Хотя этой русской уже шестнадцать лет и ест она совсем не по-детски, она невероятно тупа – не знает по-немецки ни слова. Юльхен пытается с ней заниматься, ей помогает Гизель, но они никудышные педагоги, и эта дура только и может сказать: я все понимать, меня зовут Анна, моя мать Барбара, я Днепропетровск, Германия очень красиво. Она не понимает, как ей повезло, что она попала к нам в дом, и часто ревет по ночам. Если так пойдет и дальше, надо будет искать замену, а эту отправить на работу в промышленность или сельское хозяйство».

«Скоты», – громко выругался я и, в ярости скомкав бумажку, сунул ее в карман. Долго сидел, не в силах подняться. Потом поглядел на часы. Было начало одиннадцатого.

Темнело, жара уходила, пространство наполнилось звоном сверчков. Таисья и Клавдия спрятались в доме. Я отхлебнул из фляжки. В голове метались мысли. Плевать на всё, плевать на всех. Боже, за что вот такое? Они – тоже? Я – тоже? Рабовладелец? Плантатор? «Хижина дяди Тома»? Да катитесь вы… Родственники. Пойду и отымею бахчисарайскую шлюху. Честно, за деньги. И буду спать как убитый. Ублюдки, сволочи, псы. Презервативы куплю у Грефа. Pater noster, qui es in coelis… Benedictus est fructus ventris tui… Ненавижу!

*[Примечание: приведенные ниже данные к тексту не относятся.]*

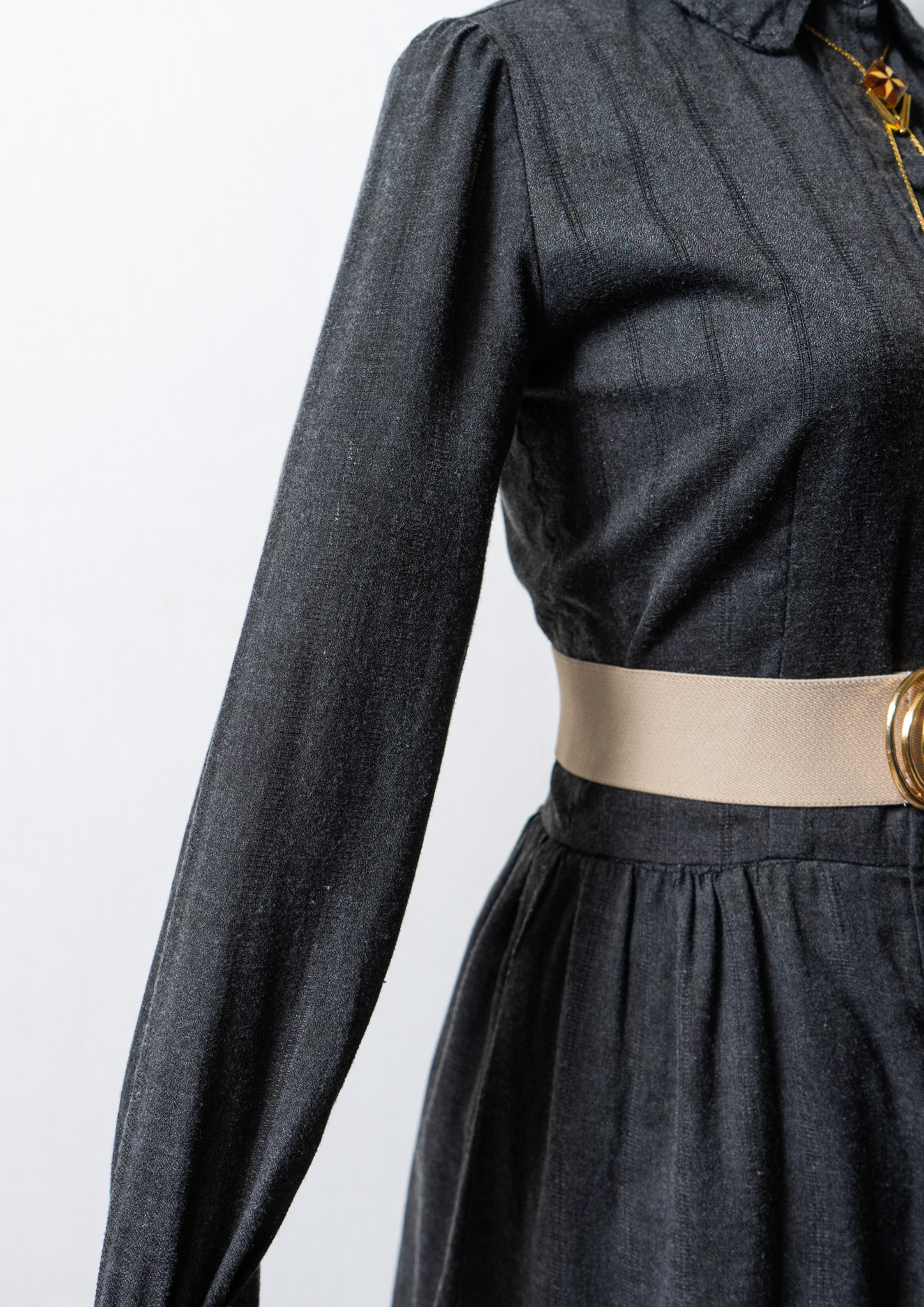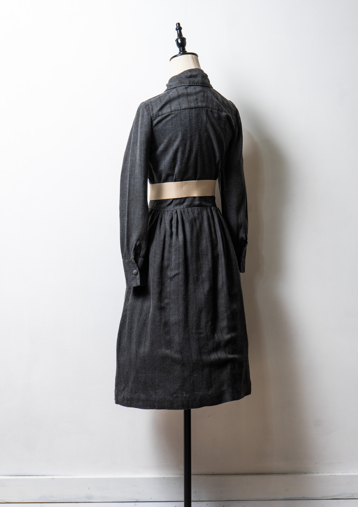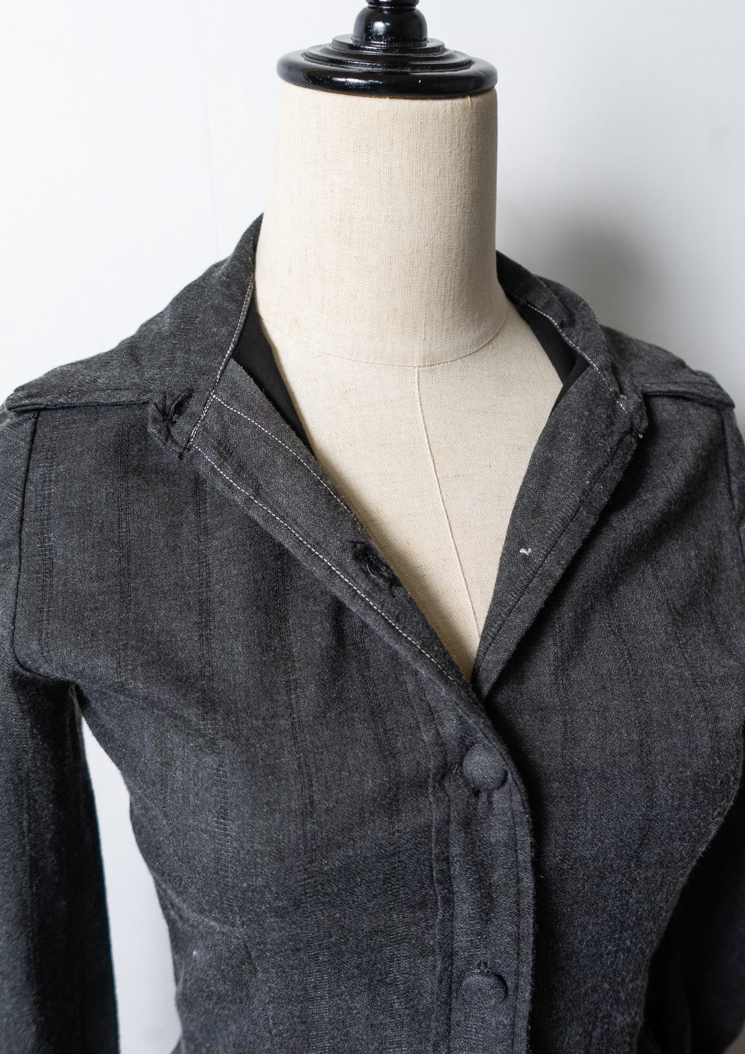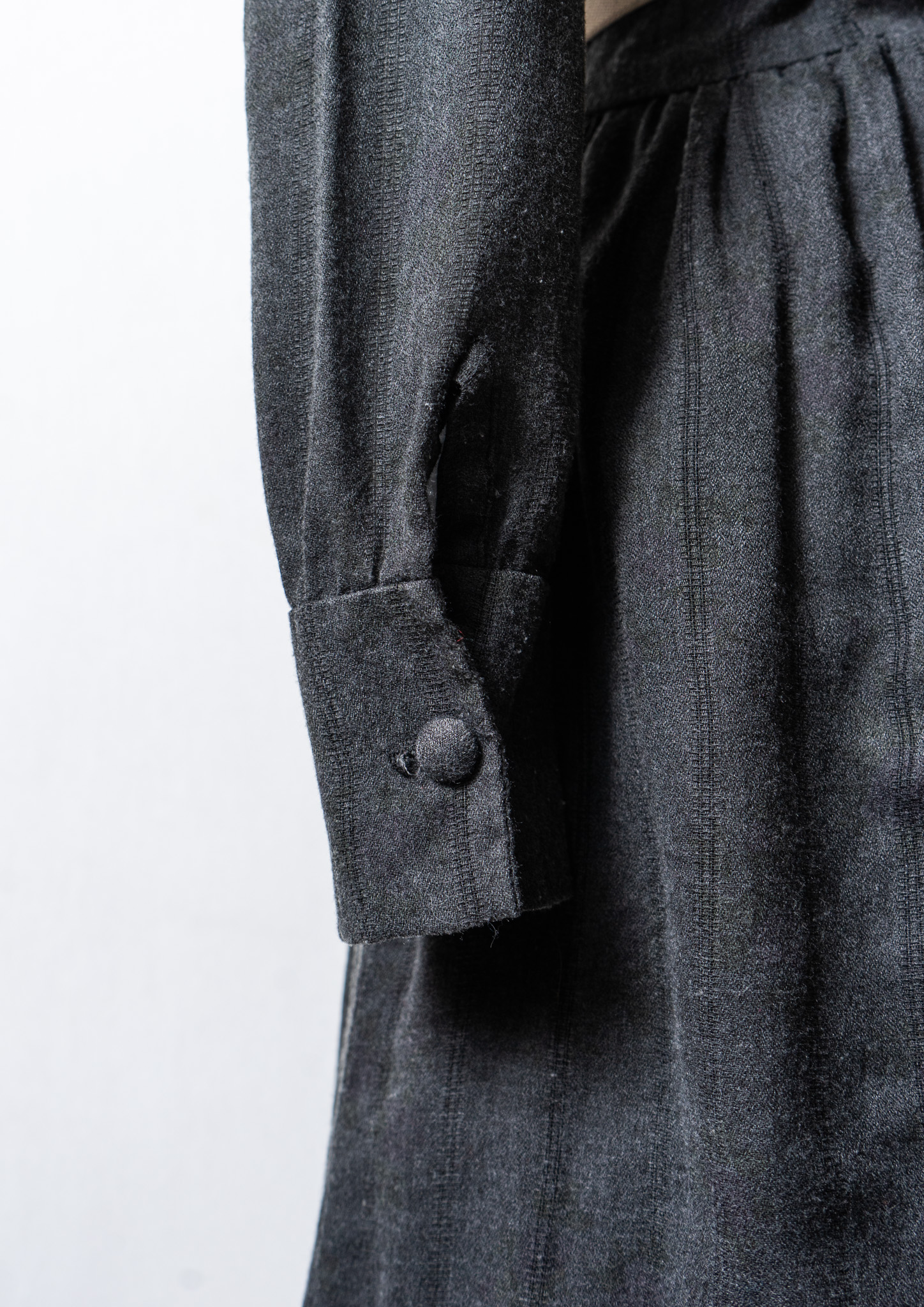 90's Black Velour Collar × Button Gray Over Dye Maxi Dress
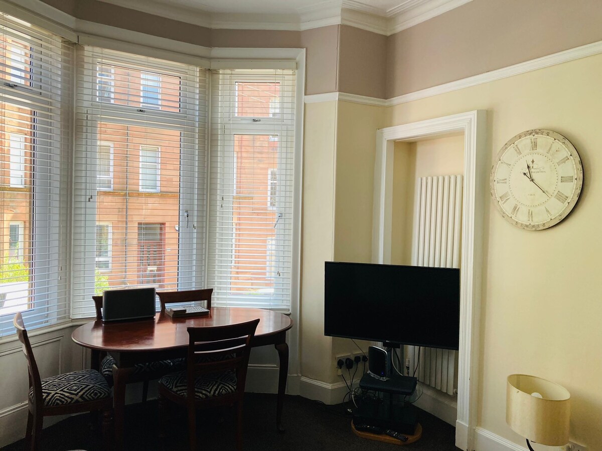 Vakker tradisjonell leilighet i Shawlands, den summende sørsiden av Glasgow. Queens Park, trendy barer, restauranter og supermarkeder ligger rett utenfor døren din. Glasgow sentrum er lett tilgjengelig innen ti minutter med tog eller litt lenger med buss. Leiligheten har svært romslige rom med originale funksjoner, nyutstyrt bad og har en veldig hjemlig følelse. I samsvar med Covid-19-forskriftene desinfiseres leiligheten fullstendig mellom bestillinger. Gratis gateparkering er tilgjengelig.

Однако мне не перепало. Труженицы пола, отработав положенные часы, покинули расположение батальона. «Ничего, еще успеешь, – утешал меня Дидье. – Если хочешь, расскажу, что и как. Шлюха была первый класс. Чиста и непосредственна. Сама невинность». Штос не согласился: «Максимум второй. Прожженная, как старая тряпка». Возможно, они говорили о разных? Или настолько разнились вкусом?

Бойцы расходились. Я заметил Вегнера. Он спешил поскорее убраться. Понять его было нетрудно. Старшему лейтенанту было противно заниматься этим делом. Но даже Вегнер был всего лишь человек, он тоже «разгрузился» – и теперь стеснялся солдатского общества. А вот мы ничуть не торопились. Дидье со Штосом курили и продолжали делиться впечатлениями. Чтобы избавиться от мыслей о домашних делах, я внимательно прислушивался к разговору, не в первый раз удивляясь, насколько может быть занятно в сотый раз говорить о довольно примитивных и весьма однообразных действиях. Особенно тому, кто в них не принимал участия.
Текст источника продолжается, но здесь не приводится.